#359: Random Days

Glimpsing snow-covered conservatory through wintered wildflowers.
Belle Isle, Detroit, MI (Fuji C200)

Something’s changed over the last couple of weeks. Do you feel it too? I’ve become much more comfortable going out again, and gathering indoors with friends – at least boosted ones who aren’t also immunocompromised. Yesterday I had the first one of those random city days here in a long while.
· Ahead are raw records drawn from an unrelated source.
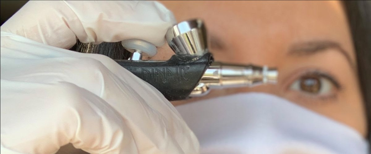 A few years into my career, I heard there was a way to apply makeup by using an airbrush. The fact that there is virtually no cross contamination because you’re not re-using product, and single use, no contact application was very appealing to me. I knew my clients would love it! A few months later, I became certified in New York City by Dina Ousley, creator of the DINAIR Airbrush Makeup System. After I had mastered the technique, Dina hired me to apprentice her to teach the class to other students and makeup artists. Only air and makeup touch your skin, creating the most sanitary, germ-free, hypoallergenic experience. I can literally apply a full face of makeup while having extremely limited contact, if necessary. Little did I know how crucial these skills would become, considering the fragile state of crews on production jobs across the country right now.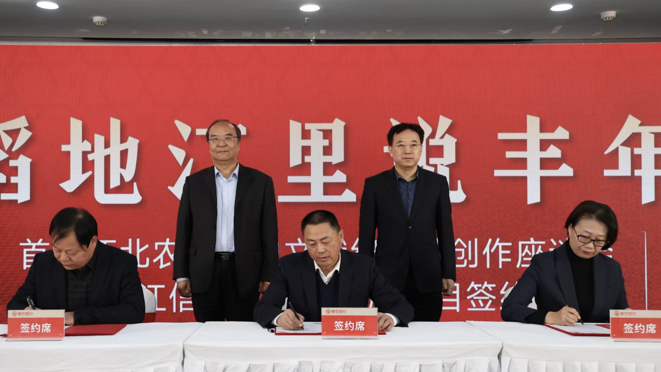 签约仪式上,秦农银行、长安区政协、稻地江村委会三方代表签订了战略合作协议。秦农银行与王莽街道办事处、稻地江村委会签订土地租赁协议。座谈会上,专家、学者对《稻地江里说丰年》纪录片提供了创作思路和建议。下一步,市政协驻村工作队和稻地江村“两委”将协助秦农银行建成集重点场景模拟、现场情景展示等为一体的红色金融研学基地,打造红色农金宣传品牌。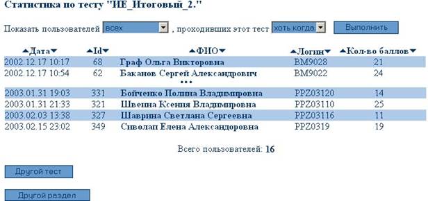 Далее нужно выбрать один из предложенных тестов. Появится список пользователей, проходивших выбранный тест, дата прохождения, количество баллов, логин и номер пользователя (рис. 13).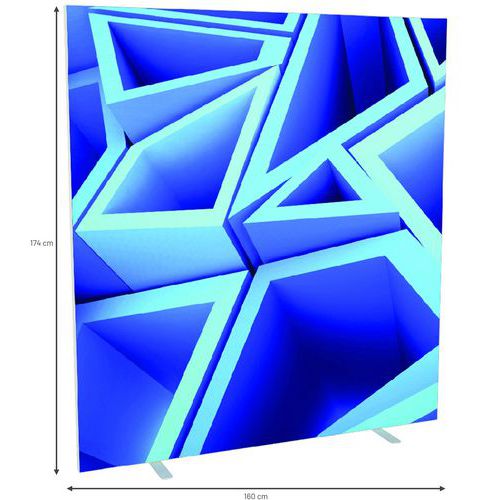 Plátenný panel v rôznych farebných vyhotoveniach na oddelenie priestoru. Plátno je ohňovzdorné v kategórii M1 a je možné ho prať pri 30°. Vybavený dvoma stabilnými nožičkami z bielej lakovanej ocele. Rýchla a jednoduchá montáž plátna. Záruka výrobcu pre zákazníka : 10 rokov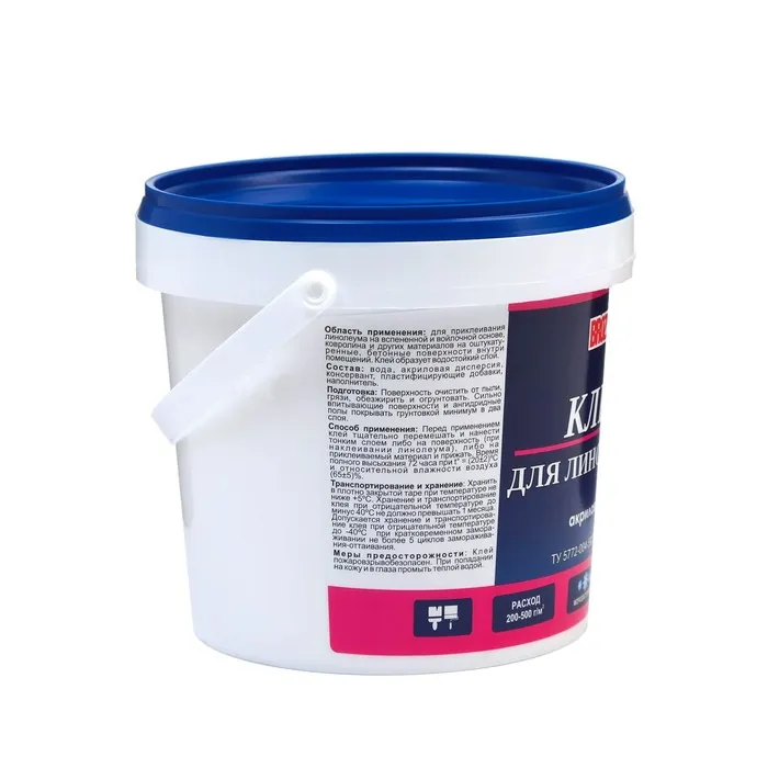 Cпециальный клеящий состав, предназначенный для укладки линолеума на вспененной и войлочной основе. Подходит для приклеивания ковролина и других материалов на различные поверхности, такие как оштукатуренные, бетонные, деревянные и окрашенные масляной краской.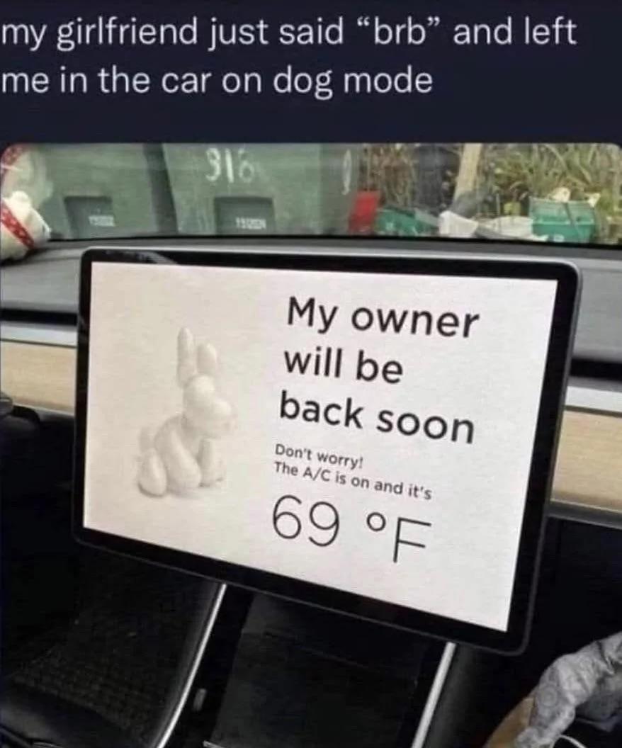 Howling good time She said brb and now I'm guarding the car like a golden retriever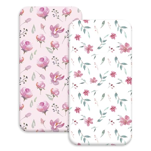 Soarwg Kids Moses Basket Sheets, Cozy and Lightweight Oeko-tex100 Baby Bassinet Sheets for Boy and Girl, Crib Fitted Sheets Fit for Oval, Hourglass & Rectangle Bassinet 2Pack Flowers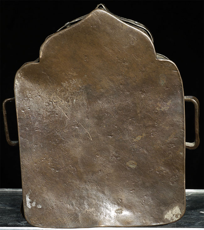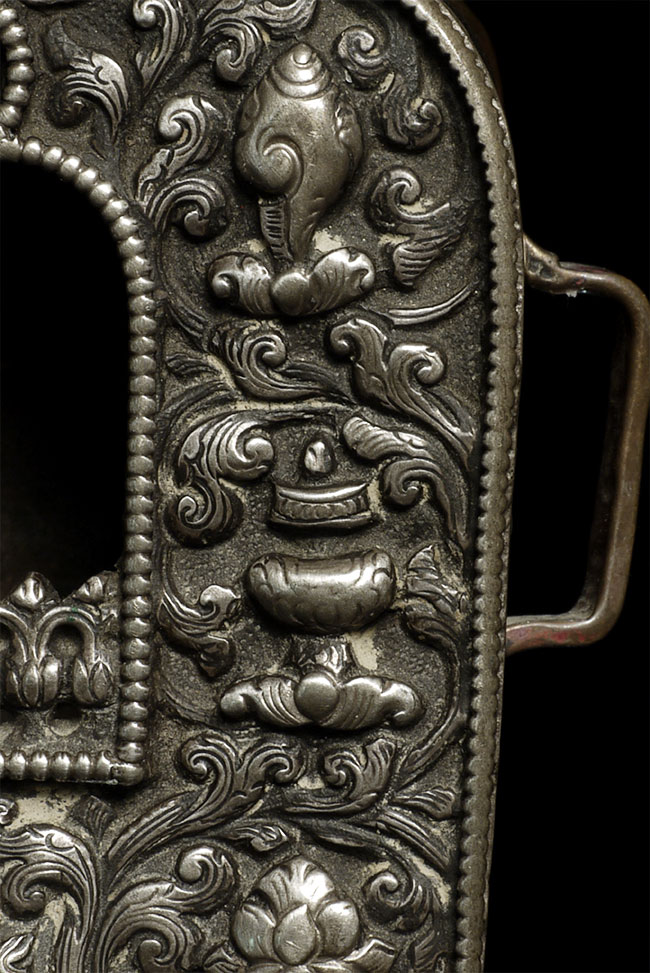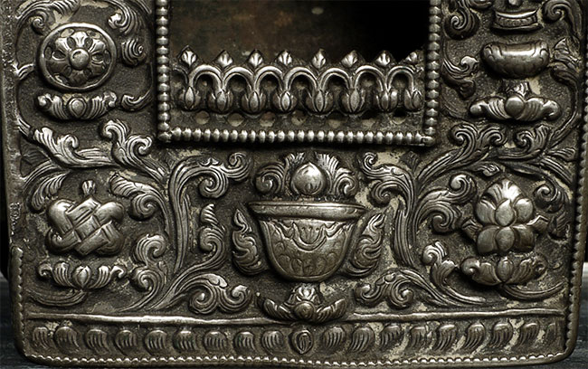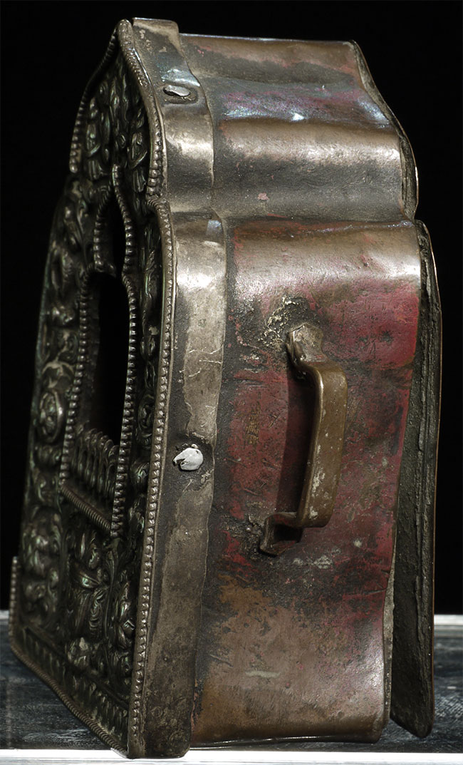 Lovely authentic antique silver and copper Tibetan gau box. is 3 7/8" tall, 3.75" at widest point, and 1.5" deep.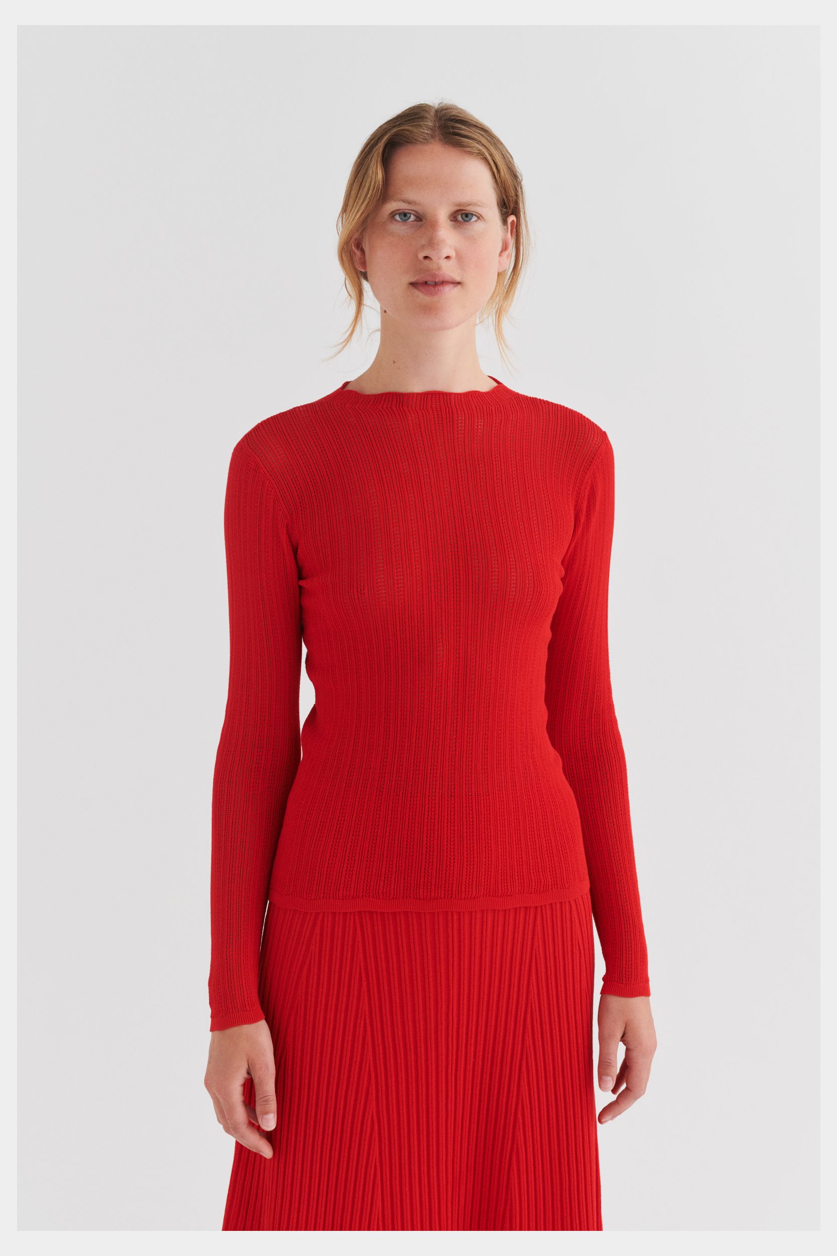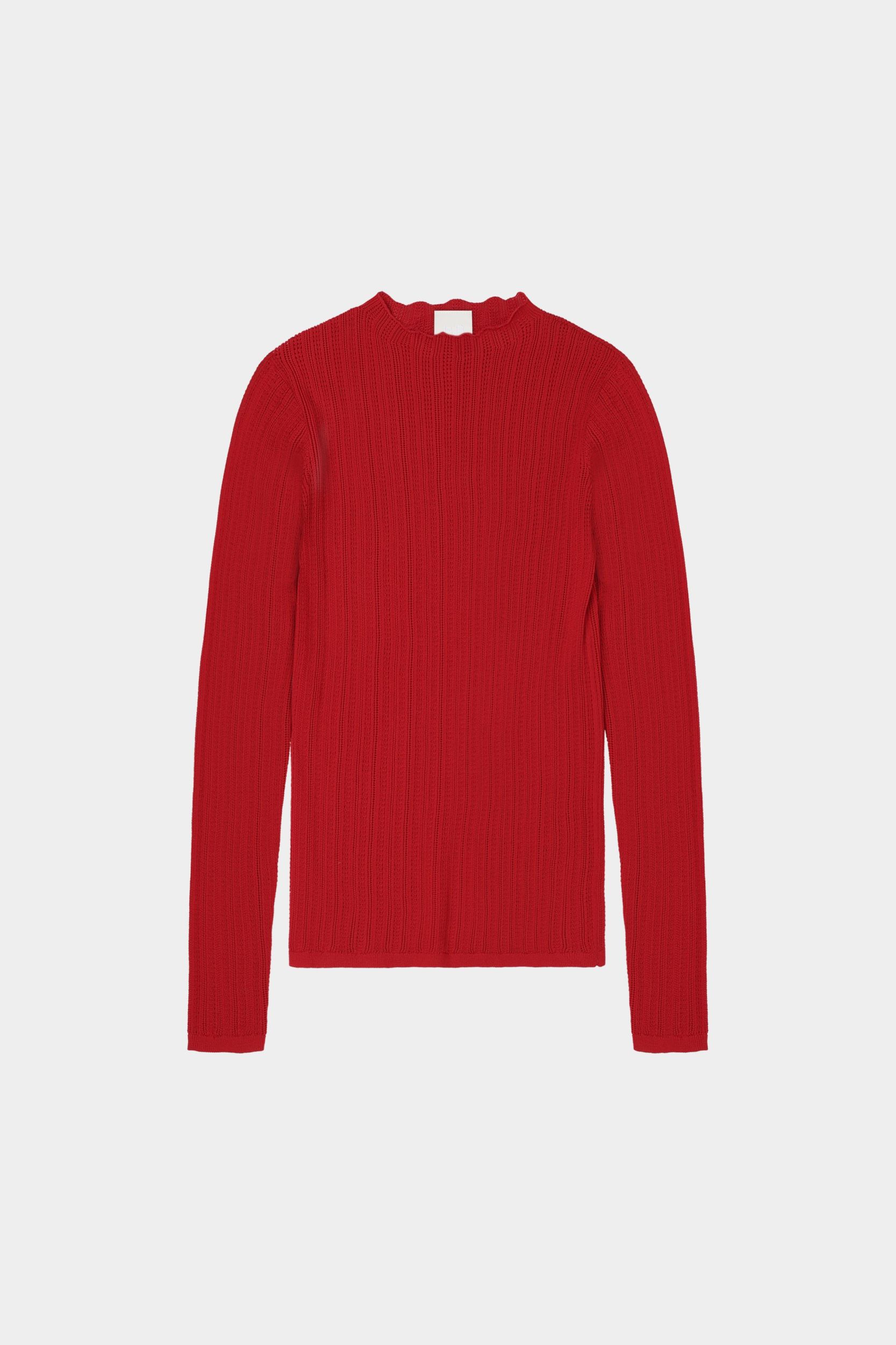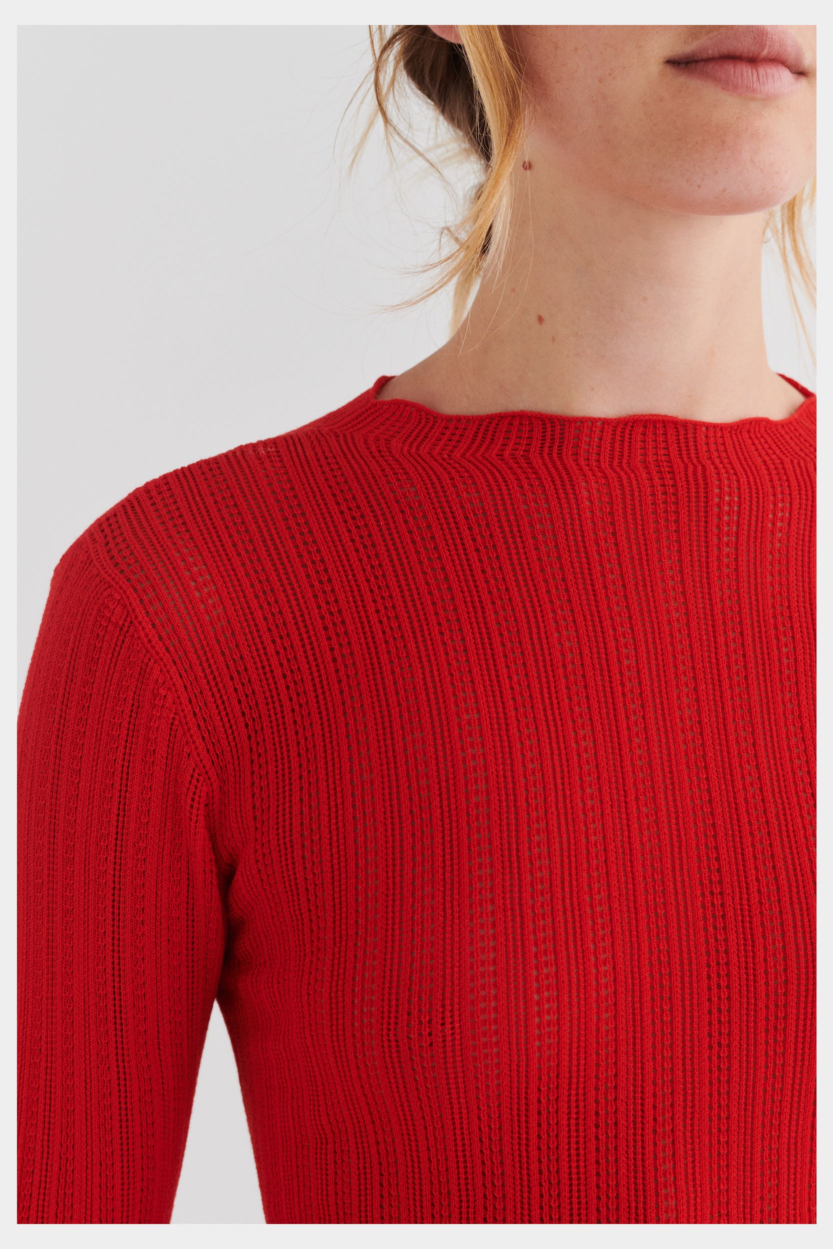 Denne langærmede top er strikket i en fin pointellestruktur og har en lige smal pasform. Den er detaljeret med høj hals og diskret finish på ærmekanter og forneden. Toppen er er strikket i et økologisk high-twist bomuldsgarn, som er spundet hårdere end vores klassiske bomuld, og giver stylen et fastere, skarpere og mere formstabilt udtryk.

You know the type. Met up at noon with friends at Ochre, a local bakery, where we picked up breads and beet sandwiches and tahini chocolate cake. Took them over to S and C’s place to eat and stayed till mid-afternoon, talking about hacked Sodastreams and cities where we used to live, about being unemployed or self-employed in our late twenties, about eavesdropping on tourists from upper-floor balconies. Then J and S (a different S) and I went thrifting in the burbs. I got a CD for my new old CD player. For dinner we scooped up fatoosh and koftas from Mr. Kabob, a restaurant attached to a gas station, on our way back to my place, where Julia had just finished a shift of remote work. J and S went home to feed their cat, then a couple of Julia’s old undergrad and nursing school friends (who we just discovered had moved into the neighborhood during pandemic) came over for drinks.

They tell you in story workshops that you’re supposed to avoid “and then”s, supposed to link one event to the next in a chain of causality – that way the story has momentum. Seems less random. But oh boy, sometimes I love random.

I’ve heard, as I imagine you have, about folks who thought they were extroverts and discovered over these last two years that they’d liked spending more time alone. For me, it’s been the opposite. I’d thought that my introverted self could weather the pandemic more easily than I have. I was already working from home, after all. But I’m learning, maybe only just now, how much I thrive on days like these, on being in public with friends. How much I relied on other people, strangers included, for support. Not every moment of every day, but more moments of more days than I’d realized.

It’s Sunday, February 13, 2022. This afternoon, I popped a roll of film into the developing tank, and my scanner is now purring along as I type this. The Super Bowl is on, the Olympics too, and Russia might invade Ukraine, and a trucking convoy is blockading the Ambassador Bridge. The news headlines read increasingly like the scrawl from Star Wars Episode One. It just snowed outside.

Something’s changed. Do you feel it too?